American record producer (1944-2009)

Michael Ames Viner (/ˈviːnər/ VEE-nər; February 27, 1944 – August 8, 2009) was an American film producer and record producer, who later shifted into book publishing and became an innovator in the audiobook field. A widely sampled percussion break in the recording of the song "Apache" by the Incredible Bongo Band, a group he assembled in the early 1970s, has been frequently integrated into many hip hop recordings.

==Early life==
Viner was born in Washington, D.C., the son of Jeanne (née Spitzel) and Melvin Viner. Viner attended the Chadwick School in Palos Verdes, California, majored in English at Harvard University, and studied at the School of Foreign Service at Georgetown University. He worked on Robert F. Kennedy's 1968 presidential campaign.
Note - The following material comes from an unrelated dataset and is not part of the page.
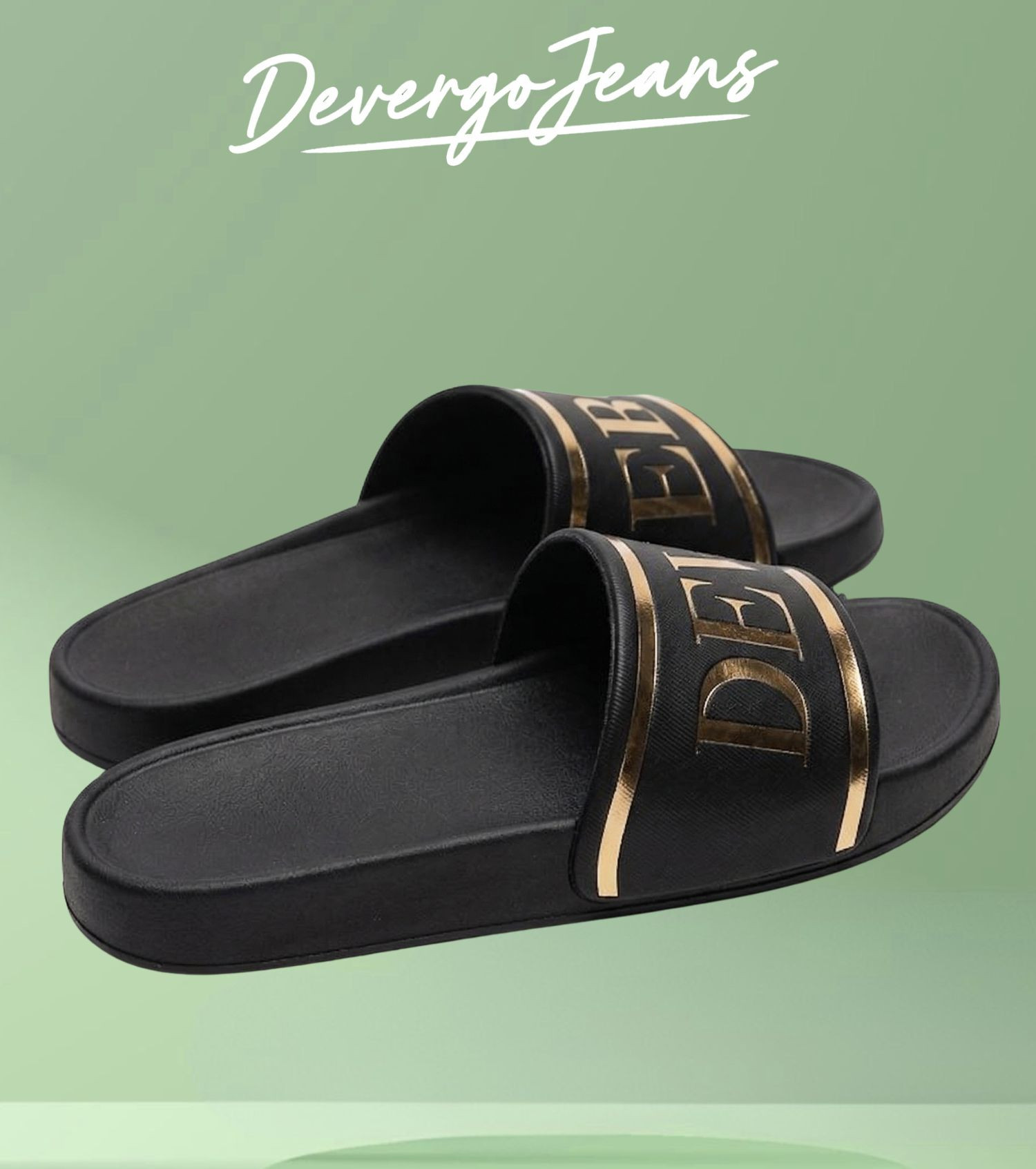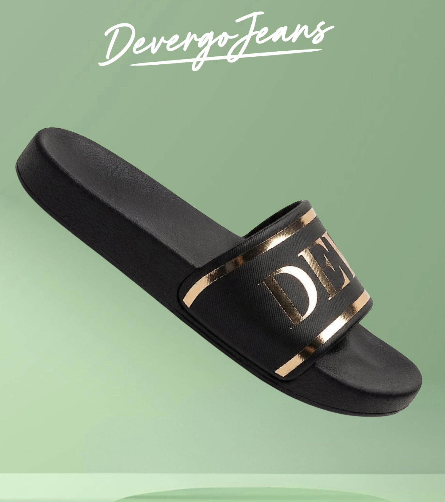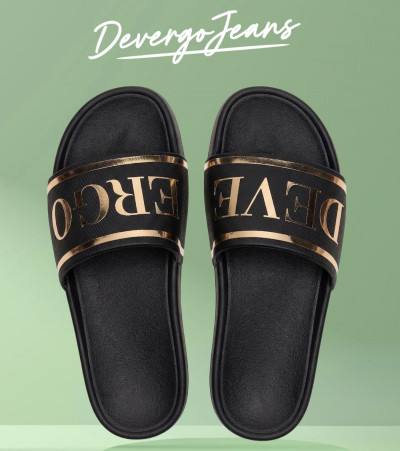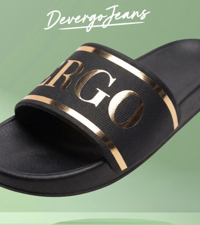 Ez a letisztult női papucs fényes arany DEVERGO logóval díszített pántot kapott, amely karakteres, divatos megjelenést kölcsönöz. Könnyű, mérsékelten vízálló és kényelmes viselet, ideális választás nyári napokra a parton vagy a városban.

Viner began his entertainment industry career working summers during high school in the mail room at Twentieth Century Fox; after Kennedy's assassination, he worked for movie studios, and ran a record division called Pride for MGM. He was the producer of the inaugural ball for President Richard Nixon in 1973.

==Record producing ==
Viner produced a record in 1970 called The Best of Marcel Marceau, a joke album produced for under $50 and consisting of nineteen minutes of silence followed by one minute of applause on each side of the record, purportedly recording performances by the famous mime artist Marcel Marceau, his name intentionally misspelled on the album for unstated reasons. The album led to a production deal with Mike Curb at MGM Records, where he helped produce a cover version of "The Candy Man", which was a chart-topping hit for Sammy Davis Jr. in 1972.
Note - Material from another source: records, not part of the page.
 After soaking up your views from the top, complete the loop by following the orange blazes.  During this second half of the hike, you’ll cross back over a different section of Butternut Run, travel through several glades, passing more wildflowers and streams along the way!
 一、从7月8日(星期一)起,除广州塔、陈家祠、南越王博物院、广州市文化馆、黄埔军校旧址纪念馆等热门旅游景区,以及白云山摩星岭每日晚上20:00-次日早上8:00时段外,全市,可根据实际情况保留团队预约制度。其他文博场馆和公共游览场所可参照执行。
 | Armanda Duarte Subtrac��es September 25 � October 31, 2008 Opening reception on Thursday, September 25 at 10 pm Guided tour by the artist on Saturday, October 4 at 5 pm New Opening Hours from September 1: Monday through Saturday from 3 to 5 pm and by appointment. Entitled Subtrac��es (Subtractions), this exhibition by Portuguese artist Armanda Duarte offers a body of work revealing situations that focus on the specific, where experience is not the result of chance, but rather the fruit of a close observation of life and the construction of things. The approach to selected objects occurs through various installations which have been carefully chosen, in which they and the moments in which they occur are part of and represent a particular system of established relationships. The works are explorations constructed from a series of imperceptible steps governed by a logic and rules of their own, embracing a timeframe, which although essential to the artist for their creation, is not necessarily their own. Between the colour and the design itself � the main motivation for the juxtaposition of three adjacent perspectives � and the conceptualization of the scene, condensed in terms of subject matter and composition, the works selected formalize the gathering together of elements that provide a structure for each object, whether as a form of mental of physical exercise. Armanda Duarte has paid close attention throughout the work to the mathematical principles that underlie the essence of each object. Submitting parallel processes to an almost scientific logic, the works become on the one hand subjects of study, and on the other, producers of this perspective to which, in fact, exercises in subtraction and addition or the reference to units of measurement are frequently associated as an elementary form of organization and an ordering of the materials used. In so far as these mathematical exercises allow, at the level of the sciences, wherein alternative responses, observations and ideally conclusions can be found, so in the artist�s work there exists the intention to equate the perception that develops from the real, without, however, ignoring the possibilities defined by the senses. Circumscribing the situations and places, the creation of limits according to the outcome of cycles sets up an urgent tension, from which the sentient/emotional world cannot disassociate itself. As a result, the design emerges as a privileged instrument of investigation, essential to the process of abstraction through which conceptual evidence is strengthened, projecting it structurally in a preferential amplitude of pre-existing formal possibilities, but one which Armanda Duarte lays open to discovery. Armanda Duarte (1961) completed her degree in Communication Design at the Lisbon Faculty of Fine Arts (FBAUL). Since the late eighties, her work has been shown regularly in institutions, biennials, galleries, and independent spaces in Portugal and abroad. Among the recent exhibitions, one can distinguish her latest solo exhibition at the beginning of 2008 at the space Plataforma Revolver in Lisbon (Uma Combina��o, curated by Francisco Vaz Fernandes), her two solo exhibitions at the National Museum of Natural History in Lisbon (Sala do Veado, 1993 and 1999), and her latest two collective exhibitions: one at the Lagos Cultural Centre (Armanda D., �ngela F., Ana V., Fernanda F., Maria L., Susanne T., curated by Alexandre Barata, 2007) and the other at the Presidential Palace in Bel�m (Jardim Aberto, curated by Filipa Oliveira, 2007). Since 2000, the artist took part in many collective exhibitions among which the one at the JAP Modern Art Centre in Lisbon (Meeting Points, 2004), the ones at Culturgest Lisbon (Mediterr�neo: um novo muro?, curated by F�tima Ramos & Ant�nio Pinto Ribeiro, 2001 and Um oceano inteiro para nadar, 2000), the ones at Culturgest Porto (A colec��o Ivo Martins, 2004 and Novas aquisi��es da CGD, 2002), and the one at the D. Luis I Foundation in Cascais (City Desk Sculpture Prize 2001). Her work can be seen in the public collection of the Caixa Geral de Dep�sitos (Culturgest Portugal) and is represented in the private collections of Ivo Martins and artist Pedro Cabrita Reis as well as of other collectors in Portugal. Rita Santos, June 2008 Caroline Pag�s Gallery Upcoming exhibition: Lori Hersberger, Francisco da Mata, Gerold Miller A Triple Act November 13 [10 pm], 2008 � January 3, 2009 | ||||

He assembled the Incredible Bongo Band in 1972, which produced an album that was the soundtrack for that year's science fiction film The Thing with Two Heads, consisting of remakes of instrumental songs from the 1950s and 1960s given a characteristic funk style, and achieving a hit with "Bongo Rock", a remake of a 1959 song by Preston Epps. That success led Viner to produce Bongo Rock, another album for the group, that included "Apache", a remake of the instrumental which was originally a 1960 UK hit for The Shadows and in 1961 a US hit for guitarist Jørgen Ingmann. In the late 1970s, hip hop artists started sampling the Incredible Bongo Band recording, with the percussion breakdown from "Apache" appearing in songs by DJ Kool Herc, L.L. Cool J and Nas, as well as Moby. Among the artists he signed at MGM Records was Debby Boone, who would have a hit in 1977 with "You Light Up My Life".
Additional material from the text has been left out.